Сидя за комплексным обедом в кафешке «Госфильма», Вольдемар Псоу, задумчиво гоняя разбухший чернослив в стакане с компотом, говорил Нелли Аркадьевне, второму режиссеру:
— Нелька, надо что-то делать с Архаровым. Он нам все завалит.
— Опять Марченко? — Нелли, умная, резкая, безнадежно некрасивая, но имевшая кучу любовных романов в анамнезе, пила минералку. — У них же все сошло на нет? Архаров же завел с дочкой той, из Большого — помнишь? Балеринка?
— Да с ней давно все кончено, — Псоу скривился, — теперь там какая-то народная певица с балалайкой. Архар четко съехал насчет Моны. Конкретно!
— Вольдя, брось, — Нелли содрала целлофан с сигаретной пачки. — Мона — да, она, безусловно — произведение искусства, но она — девочка. Девочка, которой 9 лет. Даже не 12, он что, собирается с ней играть в куклы? Архаров бабник, а не… Нелли выругалась. — И ты, будь любезен, перестань строить такие гипотезы.
— Нелка! Ты не представляешь, что с ним творится! Он будто под гипнозом. Вчера же сорвали съемку фактически. А дальше? дальше, прости меня, натура. Пески там, Самарканд-Бухара-Ташкент. И там появление Моны вызовет, сама понимаешь, что!

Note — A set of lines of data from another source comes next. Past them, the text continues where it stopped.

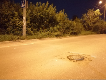 "Есть проблемный участок на улице Героя Попова. Прошу посодействовать в устранении проблемы. Ямы находятся перед поворотом после пешеходного перехода. Там провалился люк", - написал он.
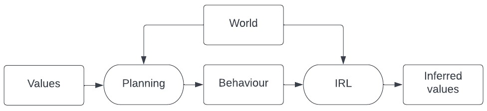 Also worth thinking about other obstacles to IRL. One issue is “how do we actually implement this?”. Reward model hacking seems like a potentially hard problem to me if we just do a naive setup of reward model + RL agent. Or if you want to do something more like CIRL/assistance games, you need to figure out how to get a (presumably learned) agent to actually reason in a CIRL-like way (Rohin mentions something related in the second-to-last bullet here). Arguably those obstacles feel more like inner alignment, and maybe you’re more interested in outer alignment. But (1) if those turn out to be the bottlenecks, why not focus on them?, and (2) if you want your agent to do very specific cognition, such as reasoning in a CIRL-like way, then it seems like you might need to solve a harder inner alignment problem, so even if you’re focused on outer alignment there are important connections.
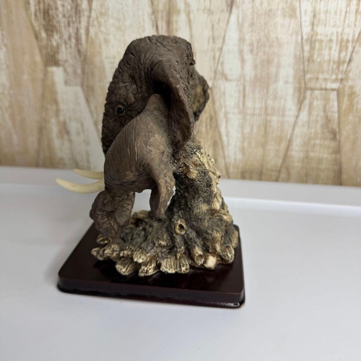 Vintage Mother Baby Elephant Figurine Resin Bust Base Decor Sculpture
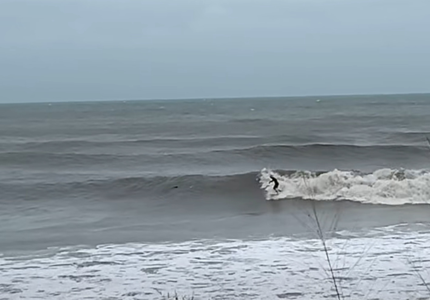 Mr Britton stopped off on his way back to Cairns from Port Douglas and filmed several surfers who had dusted off their boards to brave the waters.
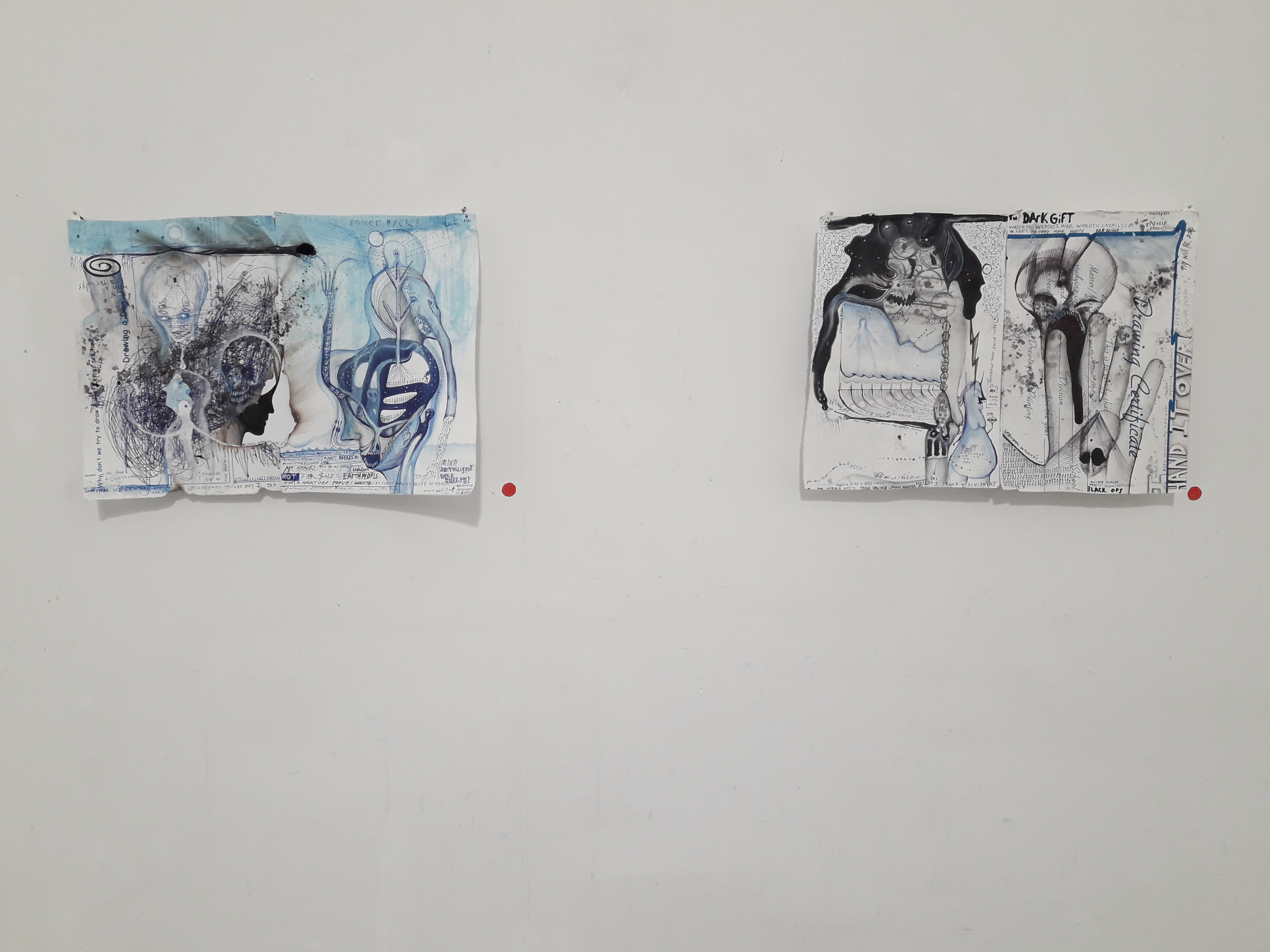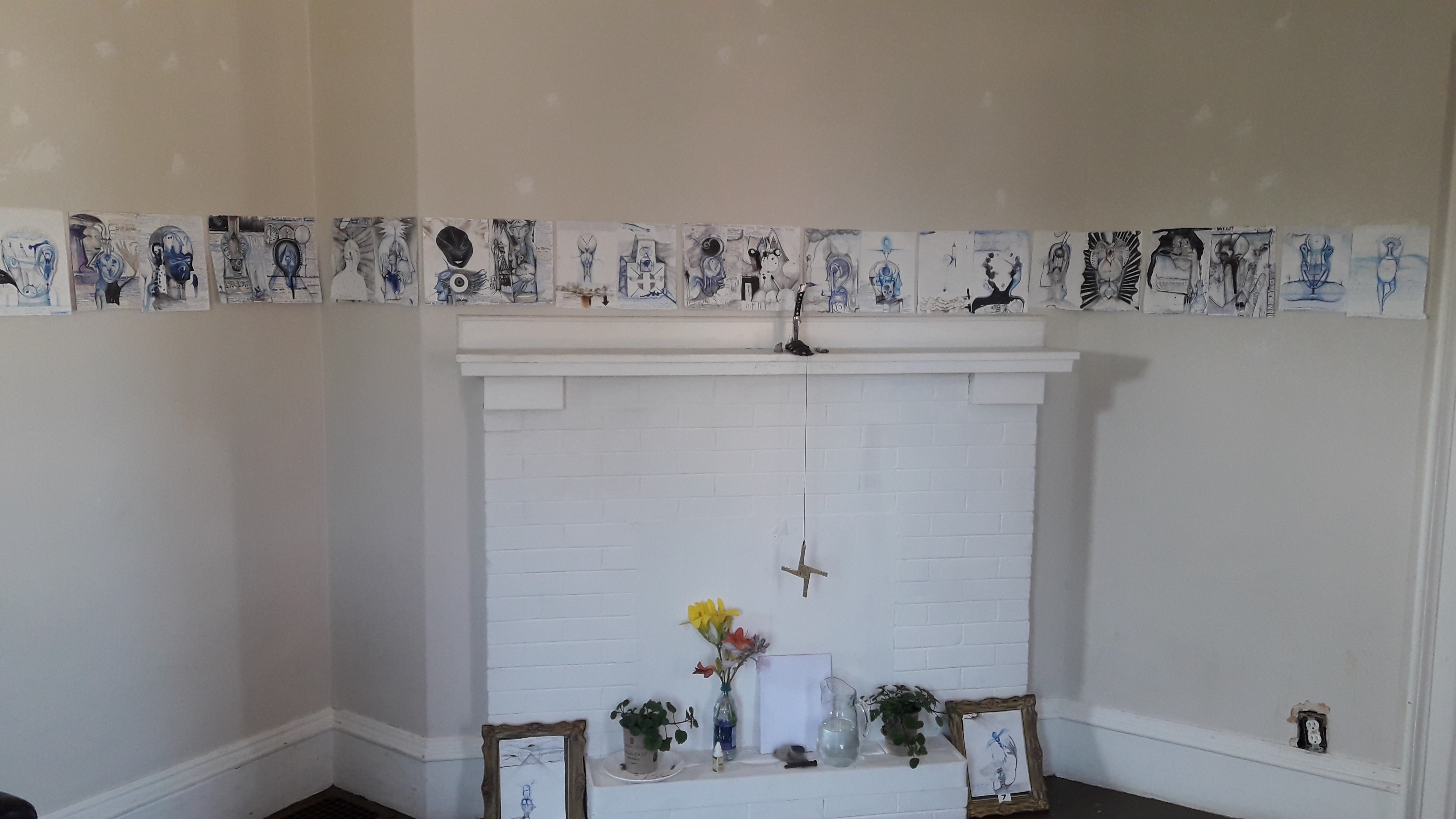 I thrown up a wee studio installation of drawing minitures i done on way.

— Ты вечно преувеличиваешь, — Нелли поднялась, — давай сейчас отснимем финал, с матерью, но без свадьбы, и весь зоопарк с верблюдами-павлинами. Все утрясется, уверяю тебя.
Марченко ходила по квартире, пиная ногами мебель, хлопая дверьми, — свое неудовольствие она выражала шумно.
— Послушай ТЫ, девочка! — она обернулась к Моне Ли, сидевшей на краешке дивана, — ты сегодня сорвала съемки. Ты сорвала!
— Я ни в чем не виновата, — Мона Ли подалась вперед, — я же не спутала ни слова, и у режиссера ко мне не было вопросов. Он же ругал Архарова…
— А почему он ругал Архарова, ты не знаешь? — Лариса Борисовна впилась в Мону глазами, — не знаешь?
— Нет, не знаю, — Мона Ли покачала головой. — Я тут ни при чем.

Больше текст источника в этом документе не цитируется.